# Question 3

On arc-consistency:

$$X_{i}$$ is arc-consistent with respect to another variable $$X_{j}$$ if for every value in the current domain $$D_{i}$$ there is some value in the domain $$D_{j}$$ that satisfies the binary constraint on the arc ($$X_{i}, X_{j}$$)

On constraint graph:

The nodes of the graph correspond to variables of the problem, and a link connects any two variables that participate in a constraint.

## Constraint Graph

Assuming that we have no other arcs to process, the following is the constraint graph constructed:

[A]— $$[A = B + 1]$$ —[B]— $$[B = 2C]$$ —[C]

## Tracing

### $$(A, B)$$

Since $$A = B + 1$$ is the constraint, Domain $$D_A$$ will be reduced to {1, 2, 3, 4} to be make arc $$(A, B)$$ arc-consistent.

State:

$$D_A = \{1, 2, 3, 4\}$$

$$D_B = \{0, 1, 2, 3, 4\}$$

$$D_C = \{0, 1, 2, 3, 4\}$$

### $$(B, A)$$

Since $$B = A - 1$$ is the constraint, Domain $$D_B$$ will be reduced to {0, 1, 2, 3} to be make arc $$(B, A)$$ arc-consistent.

State:

$$D_A = \{1, 2, 3, 4\}$$

$$D_B = \{0, 1, 2, 3\}$$

$$D_C = \{0, 1, 2, 3, 4\}$$

### $$(B, C)$$

Since $$B = 2C$$ is the constraint, Domain $$D_B$$ will be reduced to {0, 2} to be make arc $$(B, C)$$ arc-consistent.
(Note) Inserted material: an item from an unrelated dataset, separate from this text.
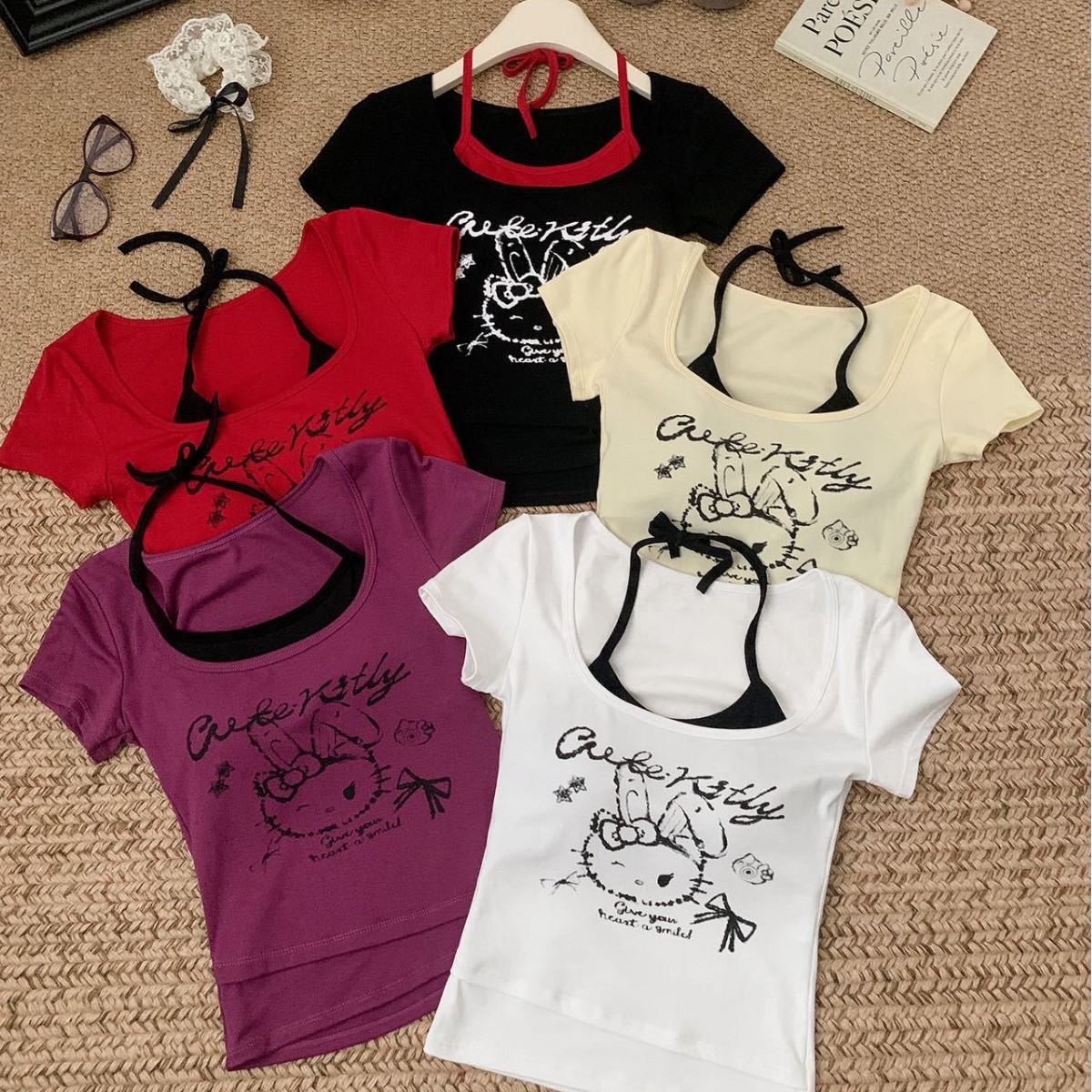 1927 # 新しいステッチ偽ツーピースベスト Tシャツ女性の夏のデザインニッチオフショルダー甘くてスパイシーなショートトップ

This change causes arc $$(A, B)$$ to be re-inserted to the arc queue.

State:

$$D_A = \{1, 2, 3, 4\}$$

$$D_B = \{0, 2\}$$

$$D_C = \{0, 1, 2, 3, 4\}$$

### $$(C, B)$$

Since $$C = \frac{B}{2}$$ is the constraint, Domain $$D_C$$ will be reduced to {0, 1} to be make arc $$(C, B)$$ arc-consistent.

State:

$$D_A = \{1, 3\}$$

$$D_B = \{0, 2\}$$

$$D_C = \{0, 1\}$$

### $$(A, B) : revise$$

Since Domain $$D_B$$ has been changed, based on the constraint graph, Domain $$D_A$$ will be reduced to {1, 3} to be make arc $$(A, B)$$ arc-consistent again.

State:

$$D_A = \{1, 3\}$$

$$D_B = \{0, 2\}$$

$$D_C = \{0, 1\}$$